Ferrets are very active pets, so a hutch should be approximately 120cm wide x 60cm wide per pet. They need plenty of exercise outside their cage and hutches and runs should be raised off the ground, placed out of the sun and sheltered from the rain and wind. In the winter, the hutch may have to be moved into a garage or outhouse.
Clothes, towels and T shirts, for bedding material, are better than hay, straw or shavings which can cause breathing problems and ferrets like burrowing in bedding, particularly in the winter months. Hutches should be completely stripped out and scrubbed, ideally once a week during the summer and more regularly during the winter when ferrets spend more time inside. Ferrets will also use a litter tray and this should be cleaned on a daily basis.
Ferrets are carnivores and require animal protein in their diet. The easiest option is a complete food specifically for ferrets, which provides all the nutrients in the correct amounts and proportions. Water must be accessible at all times and bottles are often easier to keep clean, however ferrets do appreciate being given a bowl of water occasionally so they can splash about and wash.
Female ferrets will come into season and stay in season until they are mated. If you don’t wish to breed there are two options. You can either bring her out of season and prevent related diseases by mating her with a vasectomised male (a hob) or get her neutered. Your vet will be able to advise you on neutering your pet.
Regular exercise is important to keep your ferret fit and prevent boredom, which could lead to behavioural problems. It’s therefore advisable to exercise pets in an outdoor run, the garden or the house as often as possible, but ideally for at least four hours a day. You can make this time as fun as possible by using boxes and tubes to make tunnels and hidey holes for them to explore. You can also hide small amounts of food so that they can spend time foraging.
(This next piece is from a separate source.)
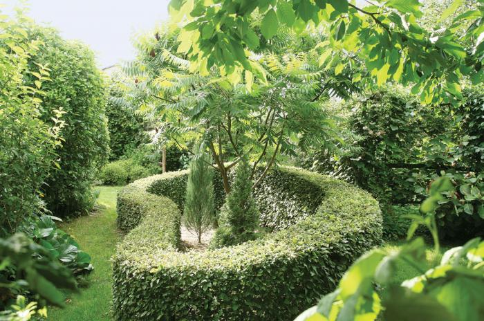 W "misie" ze strzyżonego grabu rośnie jałowiec 'Skyrocket', tuja i sumak octowiec.
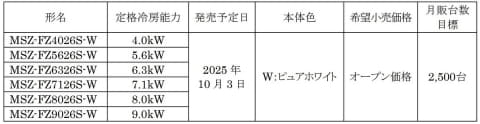 三菱電機は、ルームエアコン「霧ヶ峰」の新製品として、FZ/Z/FD/ZDシリーズ全30機種を10月3日に発売する。いずれも価格はオープン。

Ferrets will groom both themselves and others, as it’s a social activity. You can also groom your ferret with a brush or comb, if needed. You should also check ferret’s eyes, ears, nose, mouth, bottom and claws daily.
Before attempting to handle your ferret, let him become accustomed to you by feeding out of your hand and stroking him. Once he’s happy doing this, gently grasp his shoulders with one hand, keeping your thumb under his chin and support him under his bottom with the other hand. It is best, once you have picked him up, to hold him against you or keep him on your lap. Ferrets have sharp teeth and are known to bite, so be careful!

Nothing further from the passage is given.